Blog

In the “good old days”, the biggest hazards facing higher education institutions were those ever-present trio of: dwindling enrollment, lack of alumni support and government funding cuts. However, for today’s school executives and administrators, thwarting these familiar risks is a proverbial walk in the park compared the latest threat: network security breaches.

Indeed, since 2015, the University of Virginia, Pennsylvania State University, the University of Connecticut, Washington State University, Rutgers University, the University of Central Florida, Johns Hopkins University, Greenwich University, the University of Regina, and the University of Calgary have been targeted by cyber criminals — and this is just a brief snapshot. A full list of victims would be so long and comprehensive, that it would resemble a global contact database for higher education organizations.

Why Cyber Criminals are Specializing in Higher Ed Hacks

What’s motivating cyber criminals to put higher education in their crosshairs? Is this a political statement? Personal vendetta? Social criticism? No: cyber criminals are attacking universities and colleges because these bastions of knowledge and beacons of learning also happen to be the perfect targets. There are five reasons for this dubious distinction:

1. Universities and colleges have valuable data on everything from students’ application information to professors’ patent details – and cyber criminals want to get their hands on it, either so they can carry out ID theft or sell their wares to the highest bidder. They know that in the digital age, gold and diamonds aren’t found in mines; they are found on servers and endpoints.
2. Universities and colleges are more open when it comes to information access and sharing. The trade-off for this transparency and flexibility is greater vulnerability compared to corporations, which can tighten the security screws without compromising their mandate or generating disapproval. In fact, corporations are often applauded for locking data down, whereas the same practices in higher education would be met with major criticism.
3. Universities and colleges are somewhat like federations: they share the same flag and sing the same anthem, but on the ground, they are a group of different schools, faculties and departments that peacefully co-exist due a mixture of shared history and enlightened self-interest. While this works politically and administratively, it leads to a patchwork of various InfoSec policies and procedures – which opens up gaps that cyber criminals identify and exploit with alarming ease. Add the fact that the end user population is constantly changing and there can be more personal devices on the network than school-owned, and it becomes even clearer why cyber criminals are gearing up their attacks.
4. While universities and colleges have IT departments and employ security teams, resources are limited. What’s more, it is not uncommon for schools to have numerous third party programs and apps running on servers and endpoints in various campus buildings. Any of these can be doorways through which zero-day exploits inject malware and viruses onto the network.
5. Cyber criminals know that universities and colleges cannot afford to endure a prolonged breach – because their operations will come to a grinding halt, and their reputations will take a major hit. As such, they are increasingly leaning on ransomware attacks that frames the scenario as a cold, bottom-line transaction: pay a specific amount by a certain date and the problem goes away; but fail to do so and things get much worse. Not surprisingly, victims – like Canada’s University of Calgary — are agreeing to fork over the demanded bitcoin. While this reaction is understandable, it is nevertheless encouraging cyber criminals to hit the repeat button and move onto the next academic victim on their list.

The Solution?  An Adaptive Approach

Since universities and colleges contain so many internal departments, faculties and types of users, no single security solution can provide a total answer.

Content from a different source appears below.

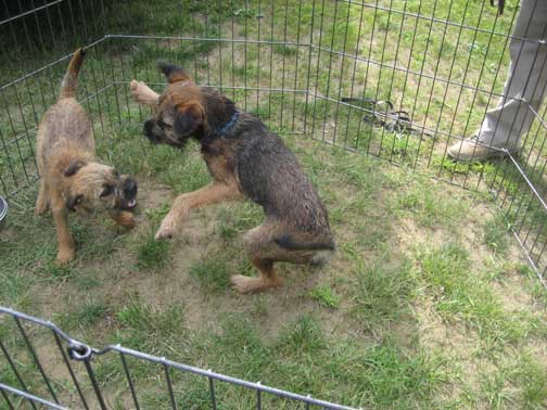 Geordie and Bramble in "sibling rivaly"

As such, IT departments need to implement a variety of solutions based on the level of risk, and the needs of end users. Specifically:

For students, it may be enough to provide basic endpoint protection along with email and web filtering.
For faculty departments, it is wise to add robust network security and advanced access control.
In university offices where student data is stored or departments where sensitive research is performed, encryption should be implemented along with more significant steps to prevent hackers from penetrating through user endpoints.
To lock out attackers – but without preventing staff from freely accessing information when they are outside the network – using virtual containers is critical, as explained below.

Think Inside the Virtual Container

Students are regularly reminded to “think outside the box” – which is good advice when trying to find creative solutions to difficult problems, like disease, pollution, the economy, and so on. However, when it comes to keeping cyber criminals at bay, the best advice that universities and colleges can follow is to “think inside the virtual container.”

A virtual container is lightweight, yet potent security solution that deploys on endpoints. It creates an isolated environment in which internet-facing apps (e.g. web browers, email, Skype, removable storage, FTP, etc.) can run unhindered, to ensure that they not masking a malicious payload. If deemed safe, then files and other data can be transferred from the virtual container to the endpoint or the network as necessary. If deemed unsafe, then the virtual container can be wiped clean and the risk is eliminated.

The bottom line? With a virtual container, instead of working their way towards a PhD in attacking higher education targets, cyber criminals get their submissions back with a big red “F”!